## Exercise description
Set down the data below in full and exactly, minus the pictures.

## Recorded information
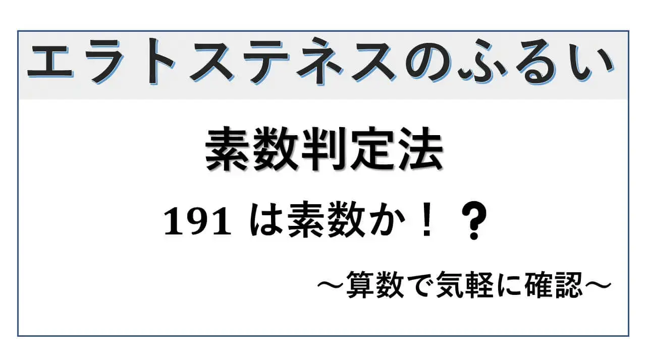 試験中に少しの労力で人力で行える内容のレベルとして、3ケタくらいの自然数について判断できるようになれば幸いです。
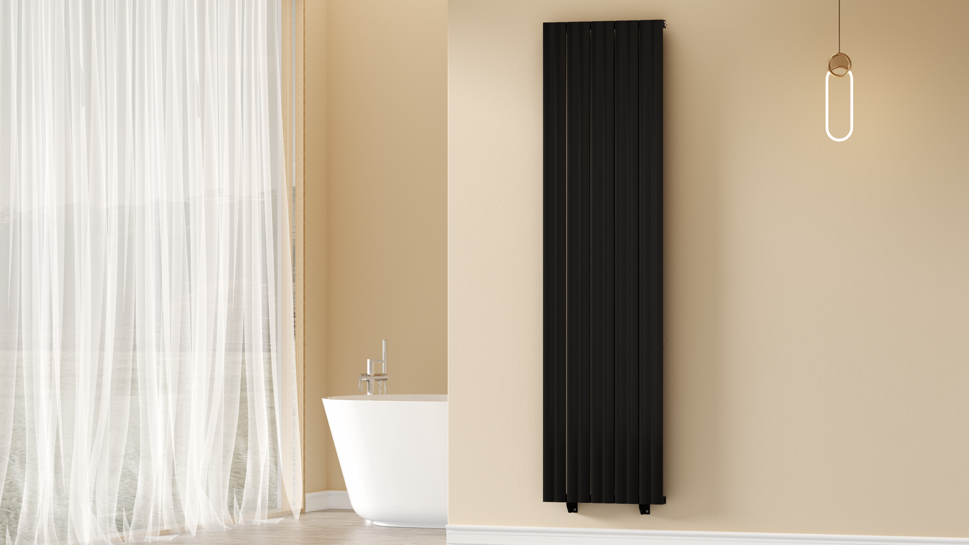 Eleganță și eficiență termică într-o singură piesă — caloriferul vertical decorativ THERA în finisaj negru mat devine instant un element statement în orice baie modernă. Designul său minimalist, definit de tuburi verticale perfect aliniate, transformă radiatorul dintr-o simplă sursă de căldură într-un obiect de decor sofisticat.
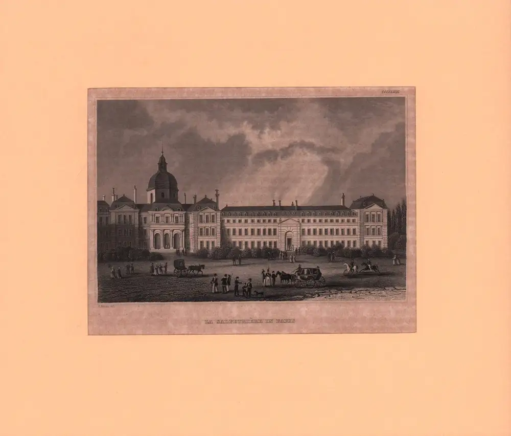 Das 1656 erbaute Krankenhaus Hôpital de la Salpêtrière in Paris war im 19. Jahrhundert die wohl bekannteste psychiatrische Anstalt Europas, mit bis zu 8000 Patienten. - Streifig gebräunt
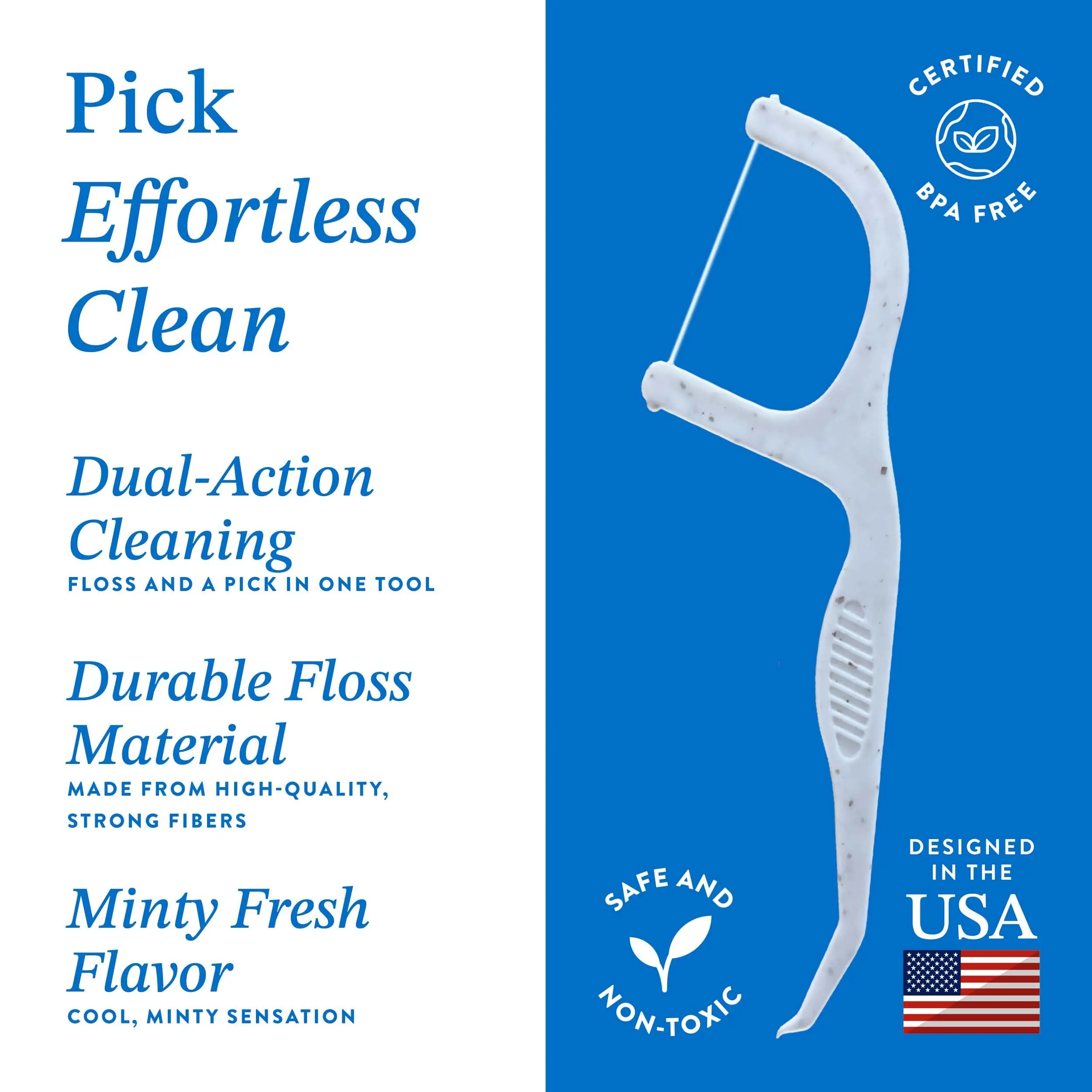 ·Convenient & Portable: Perfect for on-the-go oral care, our individually wrapped floss picks are easy to carry in your purse, bag or pocket. These eco friendly floss picks are designed for convenience without compromising on sustainability, making them perfect dental flossers for travel.

## Answer to this task
 試験中に少しの労力で人力で行える内容のレベルとして、3ケタくらいの自然数について判断できるようになれば幸いです。
 Eleganță și eficiență termică într-o singură piesă — caloriferul vertical decorativ THERA în finisaj negru mat devine instant un element statement în orice baie modernă. Designul său minimalist, definit de tuburi verticale perfect aliniate, transformă radiatorul dintr-o simplă sursă de căldură într-un obiect de decor sofisticat.
 Das 1656 erbaute Krankenhaus Hôpital de la Salpêtrière in Paris war im 19. Jahrhundert die wohl bekannteste psychiatrische Anstalt Europas, mit bis zu 8000 Patienten. - Streifig gebräunt
 ·Convenient & Portable: Perfect for on-the-go oral care, our individually wrapped floss picks are easy to carry in your purse, bag or pocket. These eco friendly floss picks are designed for convenience without compromising on sustainability, making them perfect dental flossers for travel.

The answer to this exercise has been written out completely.